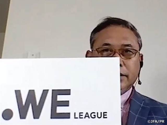 女子新リーグ設立準備室長の佐々木則夫氏は新リーグ名「WEリーグ」のパネルを手に、「WEリーグはWomen Empowermentリーグです。『女子サッカー・スポーツを通じて、夢や生き方の多様性にあふれ、一人ひとりが輝く社会の実現・発展に貢献する』という理念を掲げ、WEリーグの誕生によってこれまでなかった“女子プロサッカー選手”という職業が確立され、リーグを核に関わるわたしたちみんな(WE)が主人公として活躍する社会を目指す、という思いを込めました」と話しました。参入基準においても役職員の50%以上を女性とすることが示されるなど、まさに女性活躍を体現するリーグを目指しています。
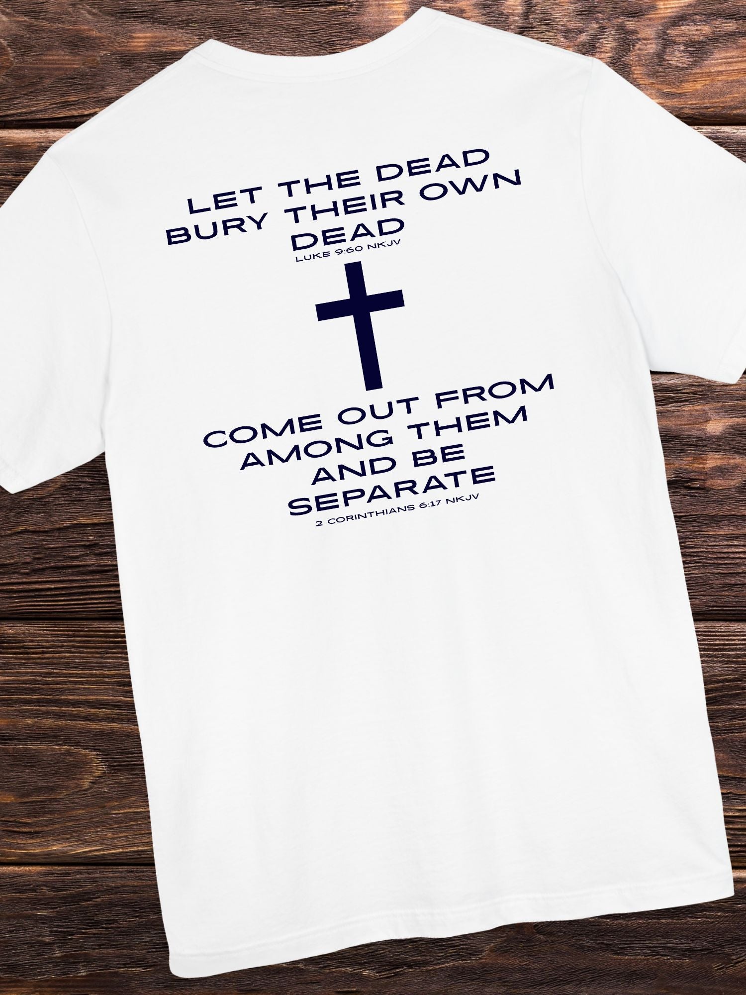 'Let the dead bury their own dead, Come out from among them and be separate' Unisex T-Shirt. Bible verses Luke 9:60, 2 Corinthians 6:17 NKJV Printed on a quality Bella+Canvas 3001 T-Shirt.
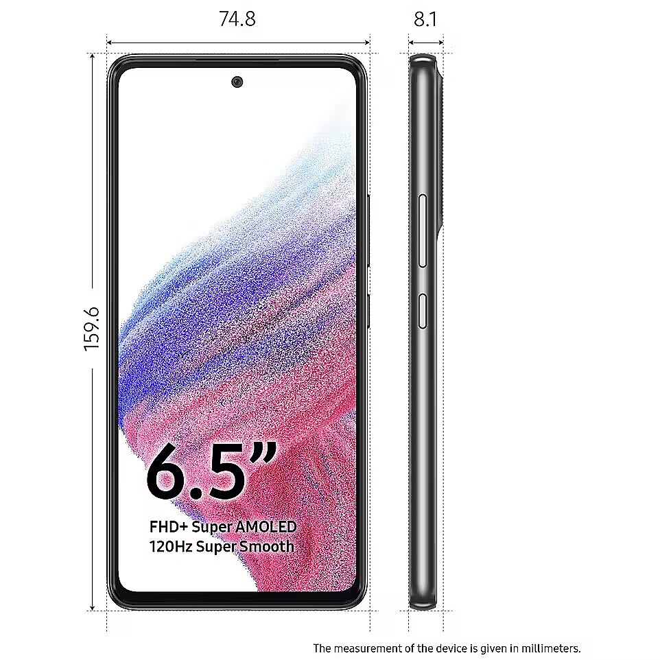Samsung | Galaxy | A53 A536 | Awesome Black | 6.5 " | Super AMOLED | 1080 x 2400 | Internal RAM 6 GB | 128 GB | Dual SIM | Nano-SIM | 4G | 5G | Main camera resolution 64+12+5+5 MP | Secondary camera resolution 32 MP | Android | 12
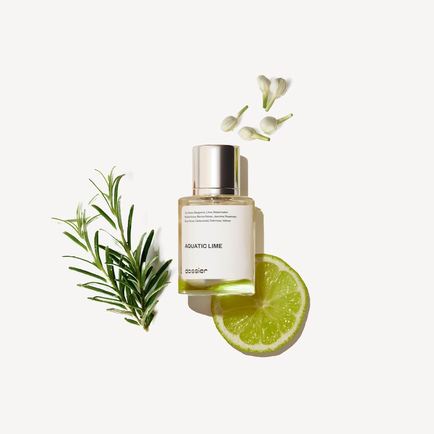 Aquatic Lime presenta un toque de frutas de agua dulce, notas marinas y lima ácida, seguido de notas intensos de madera y musgo, ensambladas delicadamente.
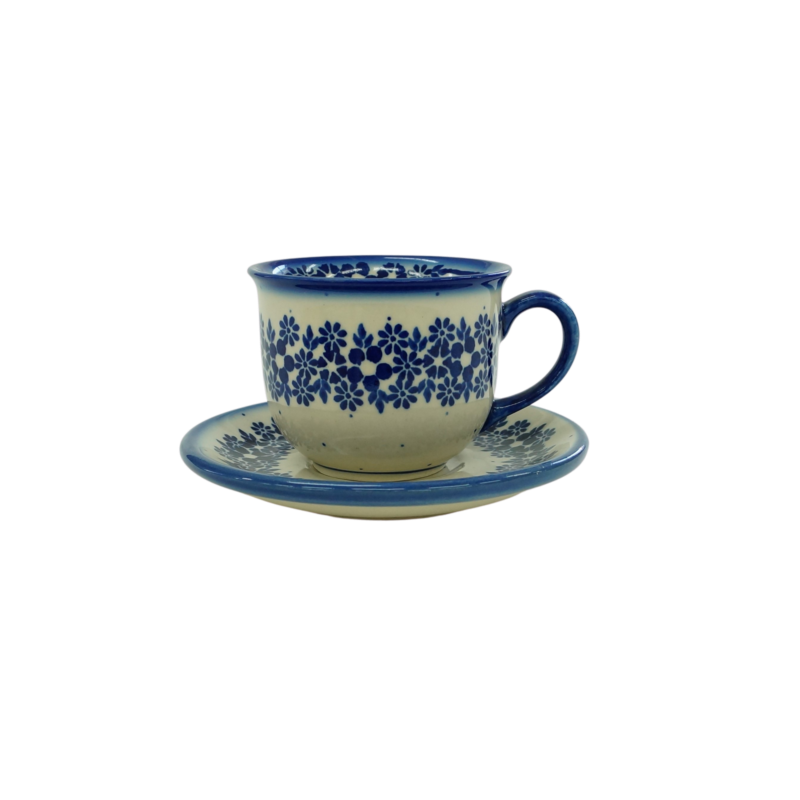 Piękna filiżanka ceramiczna 200 ml ze spodkiem – ręcznie zdobiona ceramika Bolesławiec.
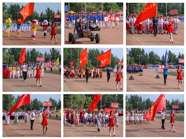 上午9时,开幕式正式开始。伴随着慷慨激昂的《运动员进行曲》,在国旗、奥林匹克旗、校旗的引导下,彩旗方阵、裁判员方阵、全校22个代表队方阵,迈着矫健的步伐,喊着嘹亮的口号,依次入场。

Aim of the exercise
Leaving out any pictures, write the records above out exactly as they are.

Exercise answer
 女子新リーグ設立準備室長の佐々木則夫氏は新リーグ名「WEリーグ」のパネルを手に、「WEリーグはWomen Empowermentリーグです。『女子サッカー・スポーツを通じて、夢や生き方の多様性にあふれ、一人ひとりが輝く社会の実現・発展に貢献する』という理念を掲げ、WEリーグの誕生によってこれまでなかった“女子プロサッカー選手”という職業が確立され、リーグを核に関わるわたしたちみんな(WE)が主人公として活躍する社会を目指す、という思いを込めました」と話しました。参入基準においても役職員の50%以上を女性とすることが示されるなど、まさに女性活躍を体現するリーグを目指しています。
 'Let the dead bury their own dead, Come out from among them and be separate' Unisex T-Shirt. Bible verses Luke 9:60, 2 Corinthians 6:17 NKJV Printed on a quality Bella+Canvas 3001 T-Shirt.
Samsung | Galaxy | A53 A536 | Awesome Black | 6.5 " | Super AMOLED | 1080 x 2400 | Internal RAM 6 GB | 128 GB | Dual SIM | Nano-SIM | 4G | 5G | Main camera resolution 64+12+5+5 MP | Secondary camera resolution 32 MP | Android | 12
 Aquatic Lime presenta un toque de frutas de agua dulce, notas marinas y lima ácida, seguido de notas intensos de madera y musgo, ensambladas delicadamente.
 Piękna filiżanka ceramiczna 200 ml ze spodkiem – ręcznie zdobiona ceramika Bolesławiec.
 上午9时,开幕式正式开始。伴随着慷慨激昂的《运动员进行曲》,在国旗、奥林匹克旗、校旗的引导下,彩旗方阵、裁判员方阵、全校22个代表队方阵,迈着矫健的步伐,喊着嘹亮的口号,依次入场。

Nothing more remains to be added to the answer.